The computer program instructions may also be loaded onto a computer, other programmable data processing apparatus, or other devices to cause a series of operational steps to be performed on the computer, other programmable apparatus or other devices to produce a computer implemented process such that the instructions which execute on the computer or other programmable apparatus provide processes for implementing the functions/acts specified in the flowchart and/or block diagram block or blocks.

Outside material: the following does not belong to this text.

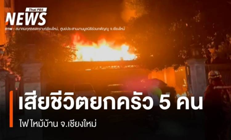 วันนี้ (8 ม.ค.2569) ผู้สื่อข่าวรายงานว่า เกิดเหตุเพลิงไหม้บ้านแฝด 2 ชั้น ภายในซอยเรือนคำ 17 ต.ป่าแดด อ.เมืองเชียงใหม่ โดยมีผู้อยู่อาศัยติดอยู่ภายใน 5 คนประกอบด้วย สามีภรรยา เด็กผู้หญิงฝาแฝด และผู้สูงอายุเพศหญิง 1 คน เจ้าหน้าที่ดับเพลิงและหน่วยกู้ภัยหลายหน่วย ระดมกำลังเข้าช่วยเหลืออย่างเร่งด่วน พร้อมทั้งนำผู้ประสบเหตุออกมาจากตัวบ้านได้ทั้งหมด โดยได้ปั๊มหัวใจ หรือ CPR ช่วยชีวิตในที่เกิดเหตุ ก่อนนำส่งโรงพยาบาลมหาราชนครเชียงใหม่ แต่ทั้งหมดเสียชีวิตในเวลาต่อมา ทั้งนี้ ใช้เวลาควบคุมเพลิงประมาณ 1 ชั่วโมง พบว่าตัวบ้านได้รับความเสียหายอย่างหนัก เจ้าหน้าที่ฝ่ายปกครองอำเภอเมืองเชียงใหม่ได้เข้าตรวจสอบพื้นที่เกิดเหตุ เบื้องต้นสันนิษฐานว่าสาเหตุจากไฟฟ้าลัดวงจร และเป็นช่วงเวลาที่ผู้อยู่อาศัยทั้งหมดอยู่ระหว่างการนอนหลับ ทำให้หนีออกมาไม่ทัน อย่างไรก็ตาม เจ้าหน้าที่พิสูจน์หลักฐานจะเข้าตรวจสอบหาสาเหตุของเพลิงไหม้ที่แน่ชัดต่อไป อ่านข่าว : พบแล้ว "พลายชมวิว" ไม่มีบาดแผลรุนแรง หลังหายตัวเข้าป่าเหตุถูกรถชน วัดอรุณราชวราราม ออกแถลงการณ์ กรณีช่างภาพบริการถ่ายภาพภายในวัด สหรัฐฯ ประท้วงเจ้าหน้าที่ ICE ยิงหญิง 37 ปีเสียชีวิตในรถ

The flowchart and block diagrams in the Figures illustrate the architecture, functionality, and operation of possible implementations of systems, methods, and computer program products according to various embodiments of the present invention. In this regard, each block in the flowchart or block diagrams may represent a module, segment, or portion of code, which comprises one or more executable instructions for implementing the specified logical function(s). It should also be noted that, in some alternative implementations, the functions noted in the block may occur out of the order noted in the figures. For example, two blocks shown in succession may, in fact, be executed substantially concurrently, or the blocks may sometimes be executed in the reverse order, depending upon the functionality involved. It will also be noted that each block of the block diagrams and/or flowchart illustration, and combinations of blocks in the block diagrams and/or flowchart illustration, can be implemented by special purpose hardware-based systems that perform the specified functions or acts, or combinations of special purpose hardware and computer instructions.